Once the Orion was docked with the Altair and its systems were checked out, the crew was to jettison the loiter skirt and then fire the J-2X engine for a second time, this time at 80% rated thrust, for trans-lunar injection (TLI). Unlike the S-IVB, which propelled the Apollo spacecraft and its three-man crew in a forward-facing motion, the EDS would have fired with the crew facing the EDS. This "eyeballs out" type of flying would be similar to the flight profile of the proposed, but never flown Manned Venus Flyby, from the cancelled Apollo Applications Program of the late 1960s.

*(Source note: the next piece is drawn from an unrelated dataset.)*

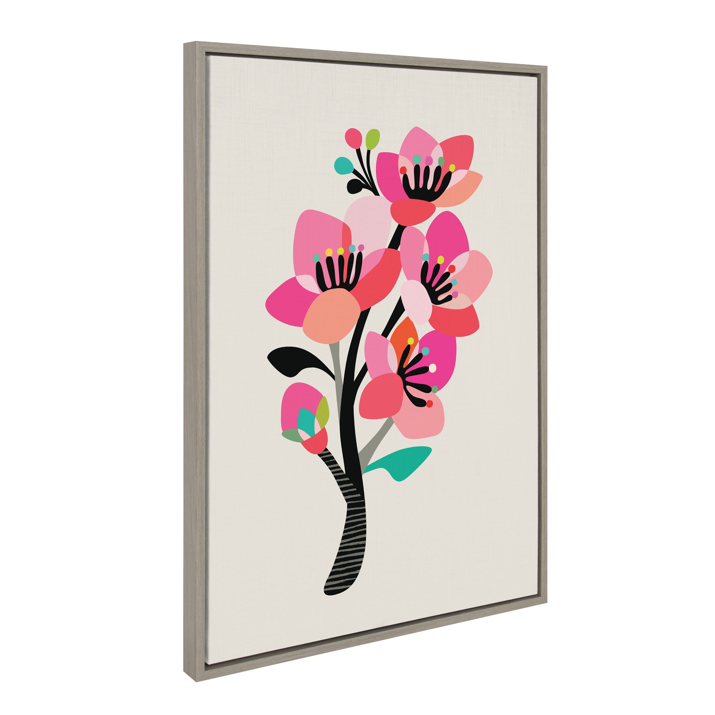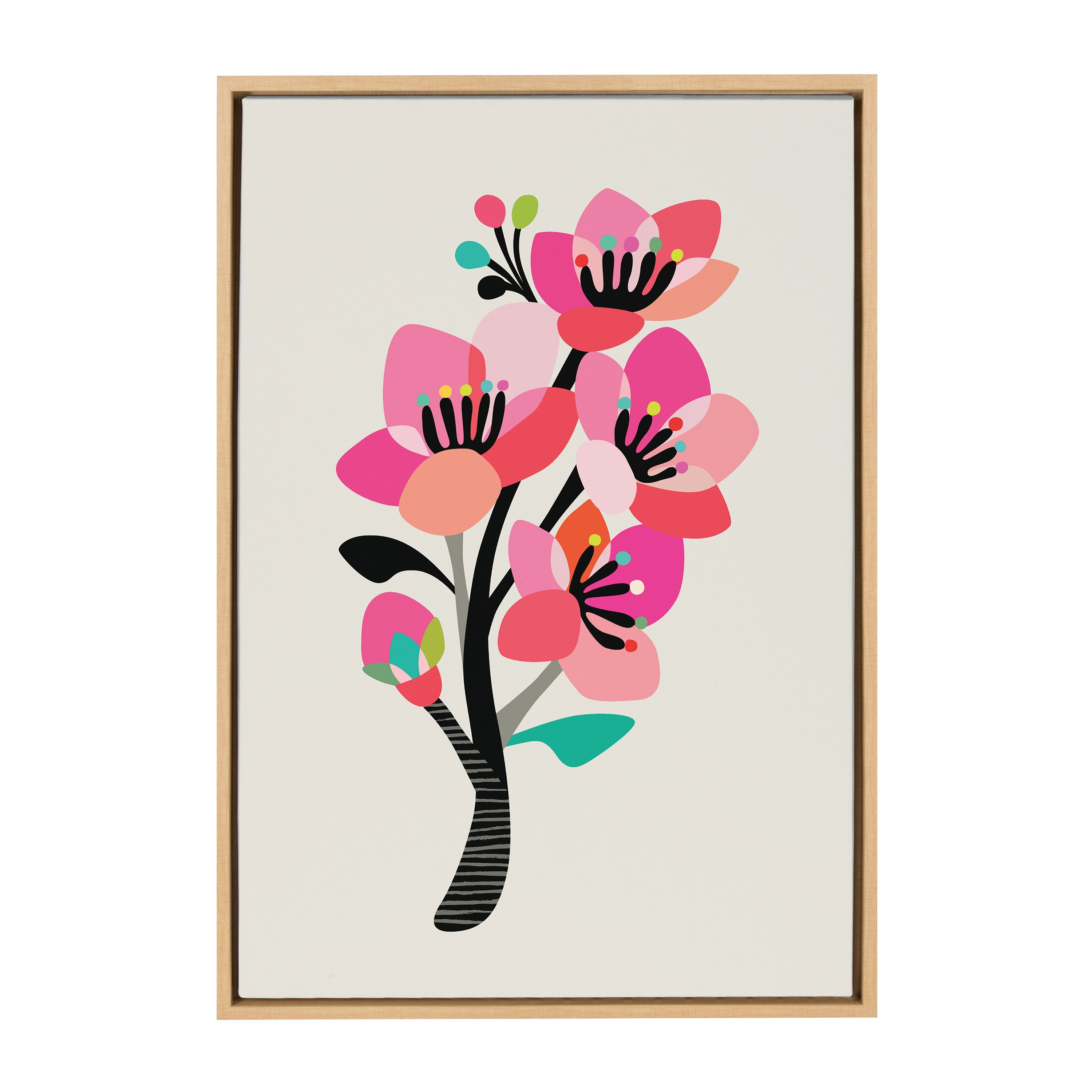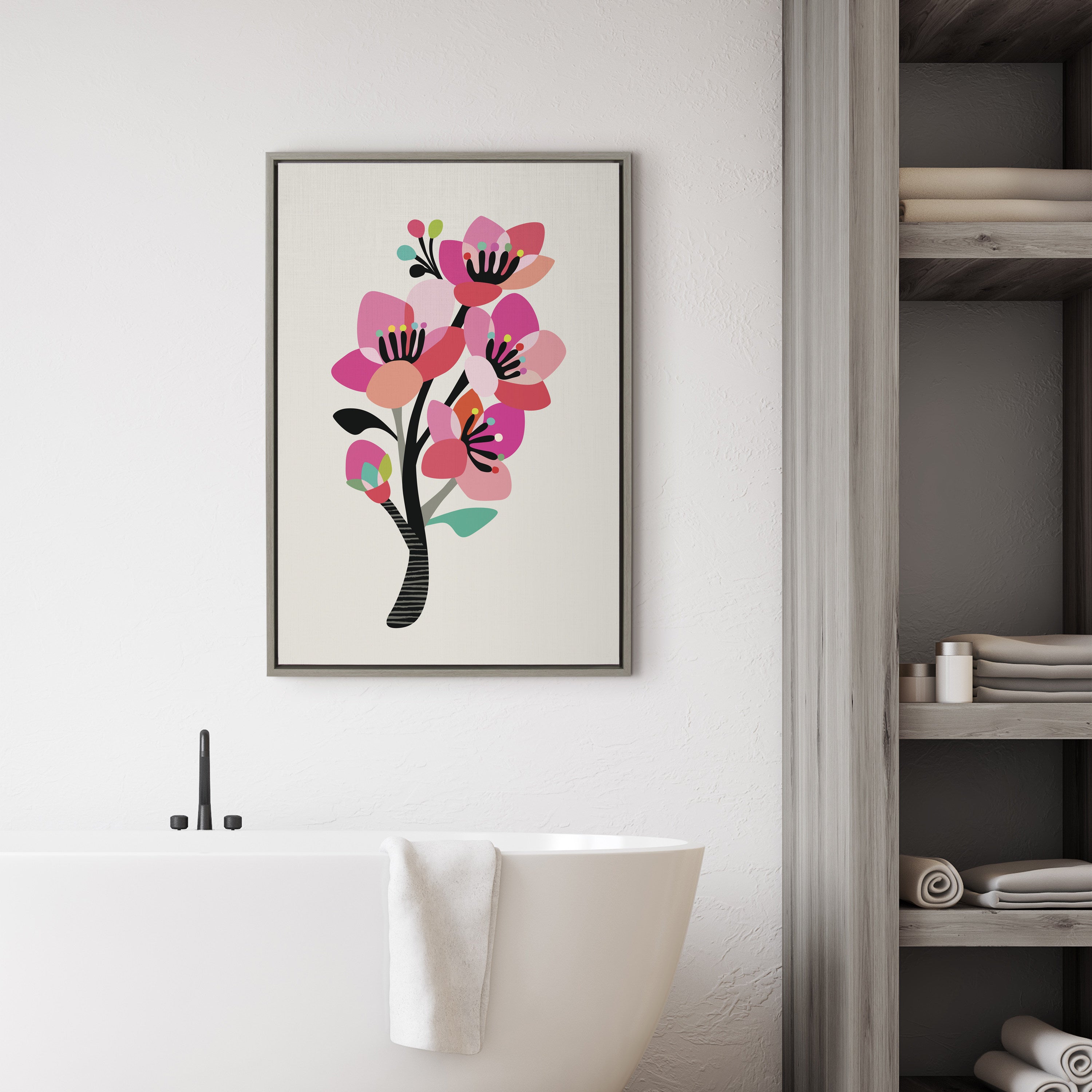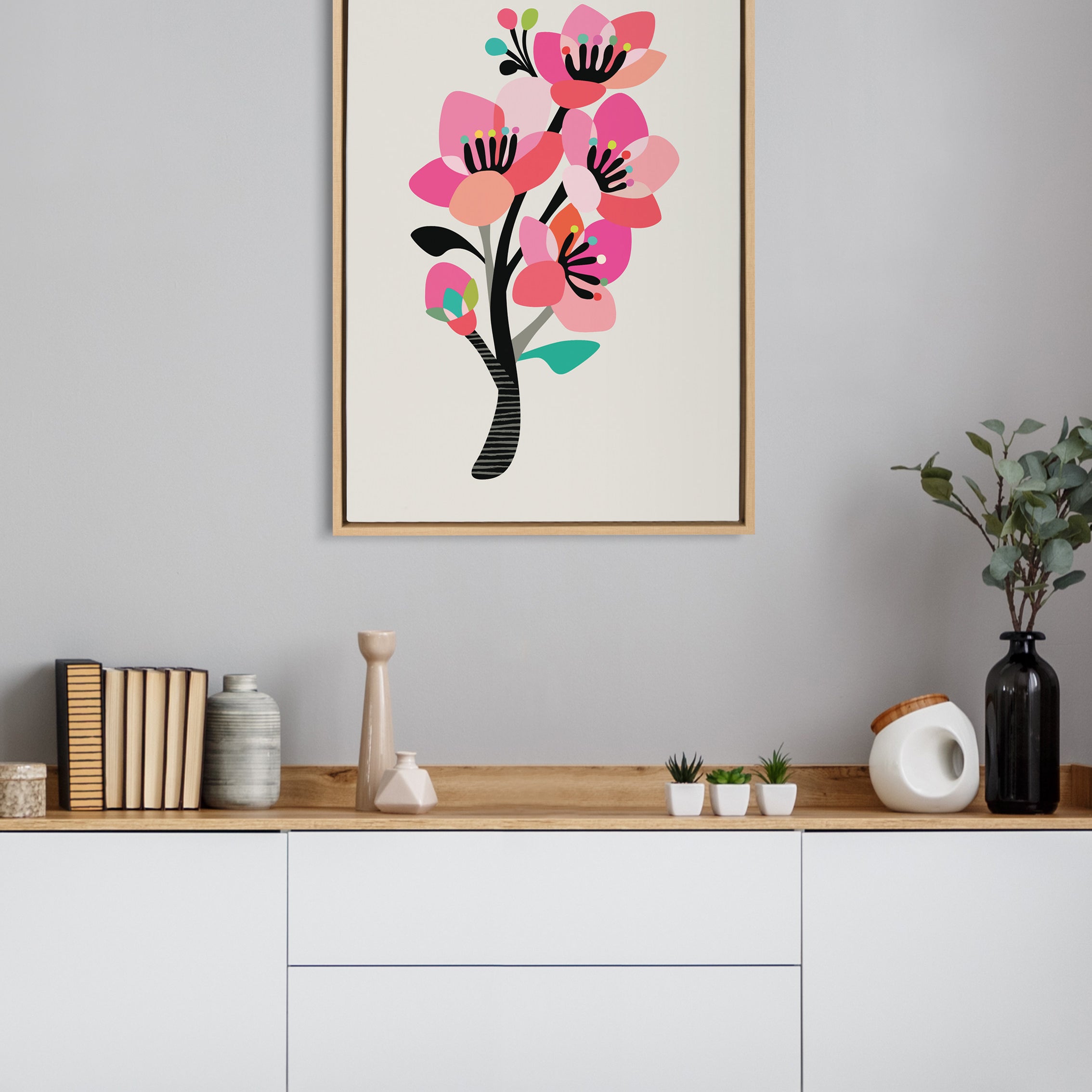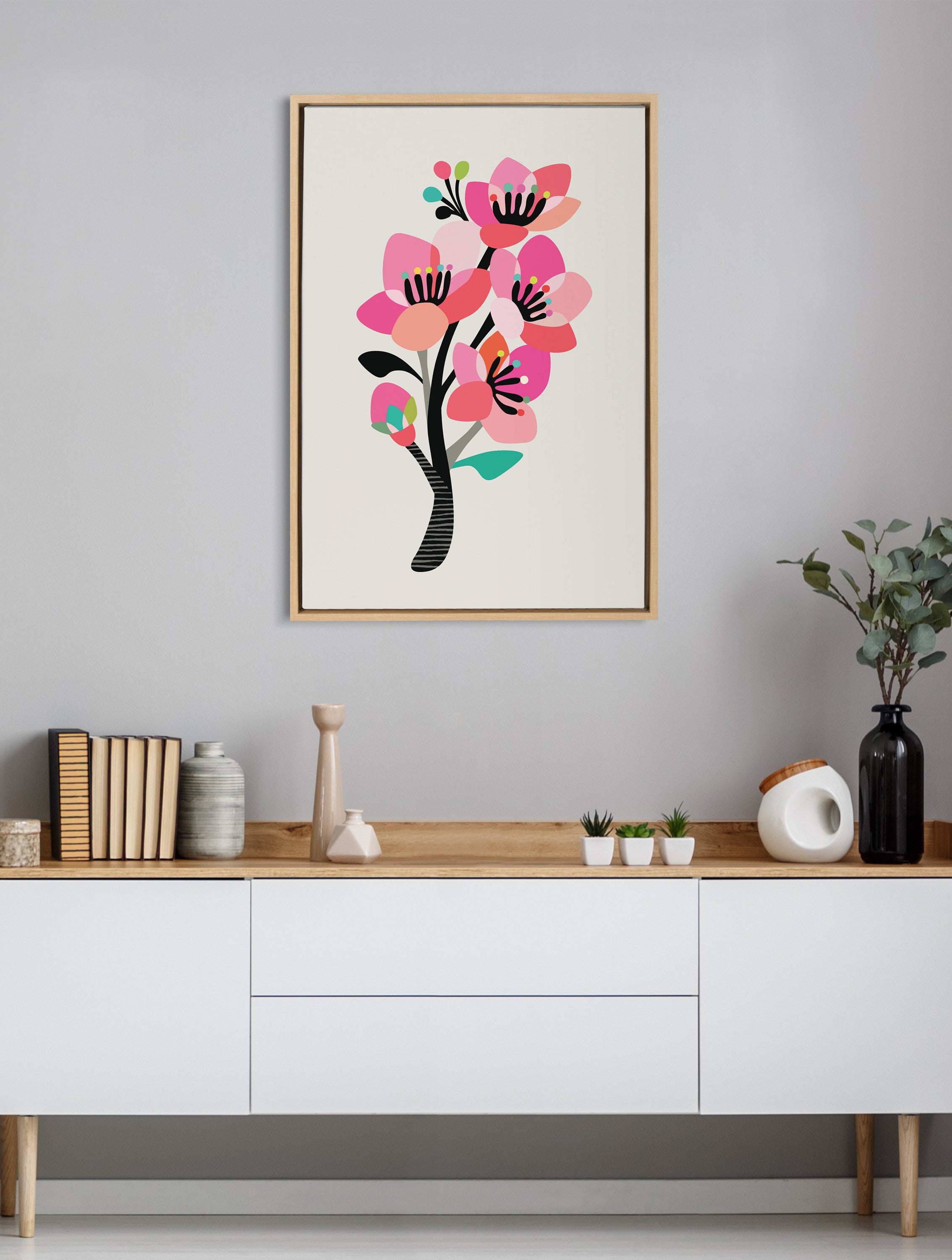 Sylvie Mid Century Modern Cherry Blossoms Framed Canvas by Rachel Lee of My Dream Wall

When TLI was completed and the EDS was shut down for the last time, it would then have been jettisoned to fly into a heliocentric orbit, or in a manner similar to that employed by NASA from Apollo 13 to Apollo 17, it may have been deliberately crashed into the lunar surface to help scientists calibrate sensitive seismometers placed on the lunar surface by either astronauts on lunar sortie flights or by uncrewed robotic probes.

==Space Launch System==
When the Ares program was cancelled in favor of the Space Launch System, the EDS was considered as a second stage for the Block 1B SLS. This version of the stage would have been about 80 ft long and equipped with one to three J-2X engines. Technological development of the J-2X was expected to take considerably more time, so the EDS was dropped in favor of the Exploration Upper Stage, which will use the much lower-thrust but already-developed RL10. According to NASA, the J-2X will be overpowered for the Artemis program; its development has been put on hold until stages capable of transferring heavy payloads to Mars are required (expected in the 2030s). The EUS itself was cancelled in February 2026 in favour of using the Centaur V.